■ Provided data
○ ○ ○

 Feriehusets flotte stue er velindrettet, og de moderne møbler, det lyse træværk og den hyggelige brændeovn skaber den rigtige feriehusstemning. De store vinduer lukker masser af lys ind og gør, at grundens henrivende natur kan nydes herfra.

○ ○ ○

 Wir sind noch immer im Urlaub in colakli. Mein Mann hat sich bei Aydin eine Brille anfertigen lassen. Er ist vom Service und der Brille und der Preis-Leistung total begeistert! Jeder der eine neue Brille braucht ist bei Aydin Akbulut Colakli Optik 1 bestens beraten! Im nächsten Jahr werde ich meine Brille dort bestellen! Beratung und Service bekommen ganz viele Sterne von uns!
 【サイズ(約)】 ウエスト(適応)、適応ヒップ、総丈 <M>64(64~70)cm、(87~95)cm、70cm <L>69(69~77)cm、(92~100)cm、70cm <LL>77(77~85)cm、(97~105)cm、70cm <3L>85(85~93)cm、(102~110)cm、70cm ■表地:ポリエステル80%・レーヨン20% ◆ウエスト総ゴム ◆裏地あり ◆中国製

○ ○ ○

■ Problem statement
Reproduce the entries above exactly, but only the lines between the line holding "Wir sind noch" and the line holding "<3L>85(85~93)cm、(102~110)cm、70cm ■表地:ポリエステル80%・レーヨン20% ◆ウエスト総ゴム", inclusive.

■ Reply
 Wir sind noch immer im Urlaub in colakli. Mein Mann hat sich bei Aydin eine Brille anfertigen lassen. Er ist vom Service und der Brille und der Preis-Leistung total begeistert! Jeder der eine neue Brille braucht ist bei Aydin Akbulut Colakli Optik 1 bestens beraten! Im nächsten Jahr werde ich meine Brille dort bestellen! Beratung und Service bekommen ganz viele Sterne von uns!
 【サイズ(約)】 ウエスト(適応)、適応ヒップ、総丈 <M>64(64~70)cm、(87~95)cm、70cm <L>69(69~77)cm、(92~100)cm、70cm <LL>77(77~85)cm、(97~105)cm、70cm <3L>85(85~93)cm、(102~110)cm、70cm ■表地:ポリエステル80%・レーヨン20% ◆ウエスト総ゴム ◆裏地あり ◆中国製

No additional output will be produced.